▶ **TASK DETAILS**: Using the data that follows, give again word for word the lines between the one holding "Next Reversible Sequin" and the one holding "日照 | 積雪 | 降雪 |", inclusive. Omit the pictures.

#### INFORMATION SHOWN ####

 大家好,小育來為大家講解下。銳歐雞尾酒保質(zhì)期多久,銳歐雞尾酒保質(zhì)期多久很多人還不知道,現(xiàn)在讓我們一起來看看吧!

####
#### INFORMATION SHOWN ####

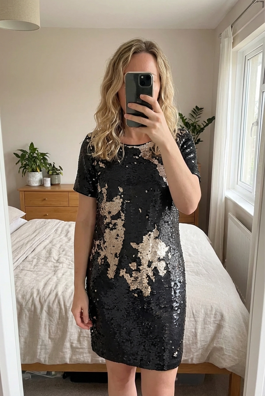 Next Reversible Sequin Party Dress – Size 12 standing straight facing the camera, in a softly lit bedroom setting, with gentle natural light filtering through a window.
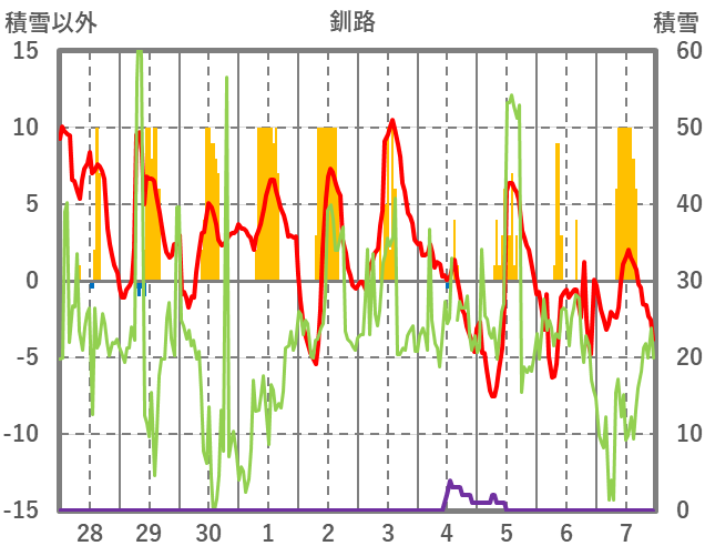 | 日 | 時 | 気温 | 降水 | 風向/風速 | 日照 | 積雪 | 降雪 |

####
#### INFORMATION SHOWN ####

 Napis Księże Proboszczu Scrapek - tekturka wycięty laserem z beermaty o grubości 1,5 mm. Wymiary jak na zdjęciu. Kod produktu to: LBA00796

####

▶ **SOLUTION TO THIS EXERCISE**:
 Next Reversible Sequin Party Dress – Size 12 standing straight facing the camera, in a softly lit bedroom setting, with gentle natural light filtering through a window.
 | 日 | 時 | 気温 | 降水 | 風向/風速 | 日照 | 積雪 | 降雪 |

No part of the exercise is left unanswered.